Wednesday, 8 February 2012

Writers' Group Exercise.

Next month is our Writers' Group AGM, so there will be little time for reading out our contributions. The theme is a very short piece on either fantasy or science fiction. Neither of these appeals to me and they are both things I rarely read. So I am testing this piece on you to see what you think of it. Please be frank and tell me - I have three weeks to perfect it. So if it is rubbish please say so.

The Feather.

It happened one evening in 1974 in the garden of the house of Don Miguel in Santa Rosalia. Over the fence his neighbour, Don Pedrales, was mowing the grass, going up and down with measured tread, intent upon getting dark and light stripes which, at this time of the year - whilst waiting for the rains to come - were of a light and dark brown rather than the desired green.

Don Miguel did not care for such niceties and left his garden to its own devices. He preferred to sit outside in the late evening sun, a glass of good red wine in his hand and his sombrero tipped over his eyes to shade them from the sun.

He watched as the feather came spiralling down from the sky, lower and lower until it landed in his glass. He picked it up and looked carefully at it, glancing up into the clear sky to see what kind of exotic bird had shed it in such an unlikely place. But the sky was quite empty.

It was not any old feather. Think of the tail-spreading peacock and quadruple the effect. That is the kind of feather it was, curling back on itself and glittering with its richness.

Don Miguel laid the feather on the table and went inside to fetch himself some food to eat along with the last of his wine. When he returned the feather was in the wine glass again. Surprised, and not a little puzzled, Don Miguel took it out again and laid it on the table. Maybe he had been mistaken about taking it out of the wineglass in the first place.


Now, thirty five years, two wives and fourteen children later, that same feather lives on the mantelshelf in Don Miguel's house. He thinks of it as his good luck talisman (after all, both of his wives have been quite exceptional women). It lives in the same wineglass.

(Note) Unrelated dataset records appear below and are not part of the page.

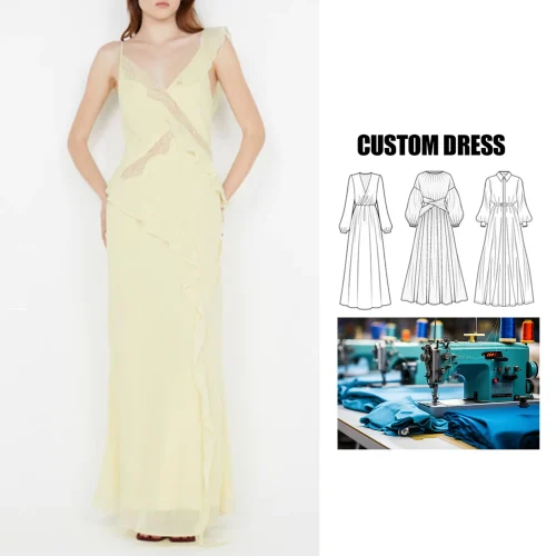 Brand ization Asymmetric Straps Women’s Elegant Boho Chic Ruffle V-Neck Maxi Sundress New Fashion Party Casual Lace Dress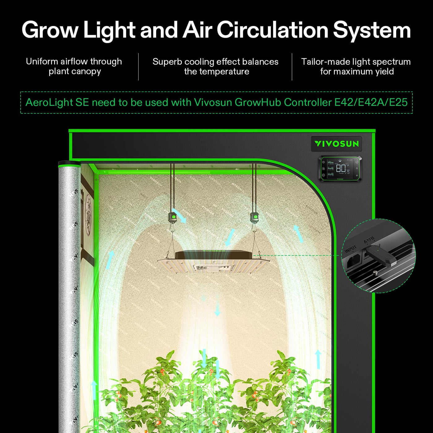 Q: How do I control the AeroLight A100SE and what additional equipment do I need?A: You can control the AeroLight A100SE using the VIVOSUN GrowHub Controller and App, which allows for automation and customization of light schedules. Note that the controller is sold separately and is necessary to access all advanced features.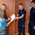 Szczęśliwi rodzice postanowili osobiście podziękować policjantom. Rodzinę przywitał asp.szt. Piotr Suplicki naczelnik sztabu legionowskiej komendy. Na spotkaniu obecni byli także sierz.szt. Grzegorz Kosałka i st. sierż. Marcin Kasiński, którzy od szczęśliwych rodziców odebrali pisemne podziękowania, a dla Patryka wręczyli pamiątkową maskotkę. Policjanci w imieniu wszystkich funkcjonariuszy dbających o bezpieczeństwo powiatu legionowskiego, serdecznie pogratulowali rodzicom i w miłej atmosferze jeszcze raz wspominali wydarzenia czerwcowej nocy.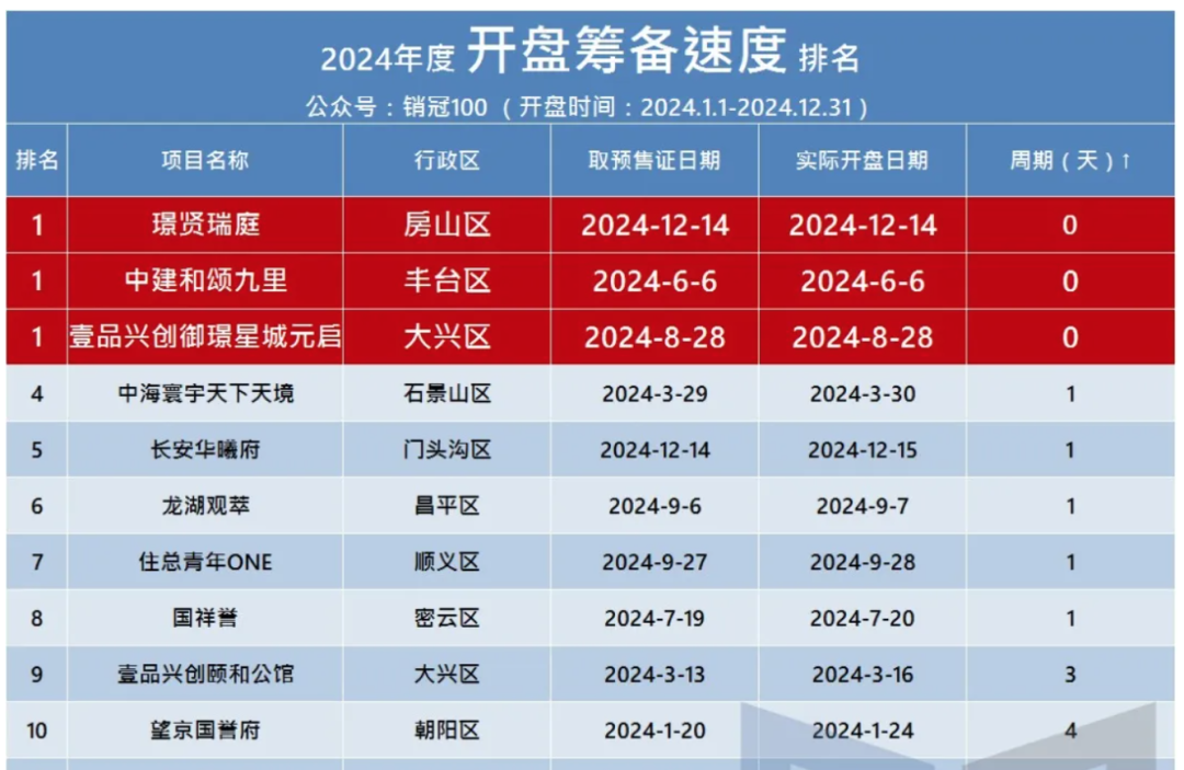 取得预售证当天开盘,北京建工·璟贤瑞庭位列2024年度开盘速度排行榜首位。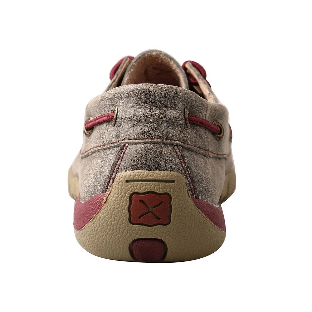 Ladies go for a casual every day look with our grey/berry driving moc boat shoe from Twisted X.

Sometimes he takes the feather out of the glass and lays it on the mantelshelf. But the moment he goes out of the room the feather returns to the glass. Don Miguel has tried peeping through the crack in the door in an effort to see the feather perform this magic trick. But it is as though the feather knows he is watching it and even after all these years Don Miguel has never seen the feather move.

He keeps the glass topped up with good red wine and has persuaded himself that that is why the feather stays with him. He hopes it will stay with him throughout his life now, for it brings him good fortune, even though it costs him a small fortune in wine.

16 comments:

Rachel Fox said...

I like it. Simple but effective. You could probably even call it a prose poem if you wanted... though it makes no difference to what it is!
x

mumasu said...

I really like this. I started following you just before Christmas and one of the first pieces I read was of the old lady knitting on the landing at the hotel. This has the same sort of vibe, to the point and just making you think without being way out there and wacky. Believable. :)

Heather said...

A mysterious and delightful fantasy Pat. I really enjoyed it.

Bovey Belle said...

Love the mystery, and how the feather answers to the call of the wineglass . . . That makes two of us then!

Gwil W said...

What a nice little tale. It has all the ingredients. It's almost a Roald Dahl.

Gwil W said...

..and as mumasu says: believable.

Rachel said...

Well it's different!

The Bug said...

I like it! Can I have such a feather please? I don't drink wine so it can have my share :)

The Solitary Walker said...

I think this is very good indeed, Pat. Really liked it.

The Weaver of Grass said...

Glad you like it - shall probably alter it a bit more in the next few weeks.
Mumasu - is there a way of getting on to your blog? I would like to leave you a comment but can't find a way in.

Eryl said...

Interesting idea, a wine guzzling feather, and I would like to know more about the relationship between it and the man who feeds it. Why does he want to keep it? I'd like to see a little bit of the time between the two periods, a little action, perhaps, or interaction between the feather and the man.

Pam said...

I like it! Short, quirky.. especially liked "after all his wives were quite exceptional women", nice touch I thought. I wouldn't change anything about it!
What I liked most was its brevity, structure, and the imagery it conjured up. It was very entertaining!

Crafty Green Poet said...

I like this a lot, it reminds me of the magical realism of Isabel Allende (I'm rereading House of the Spirits at the moment)

The Weaver of Grass said...

Thanks for the comments. Interesting that some of you would like to see it extended a bit - the trouble is that it has to be a short piece for the group exercise. Also I do think it is nice when reading a piece to be able to speculate on what you think might have happened in those intervening years etc.

Golden West said...

I love that he attributes his good luck in wives to the feather!

MorningAJ said...

Neatly wrapped up story. And I like the idea of the feather - because it's not a motif that's been overused.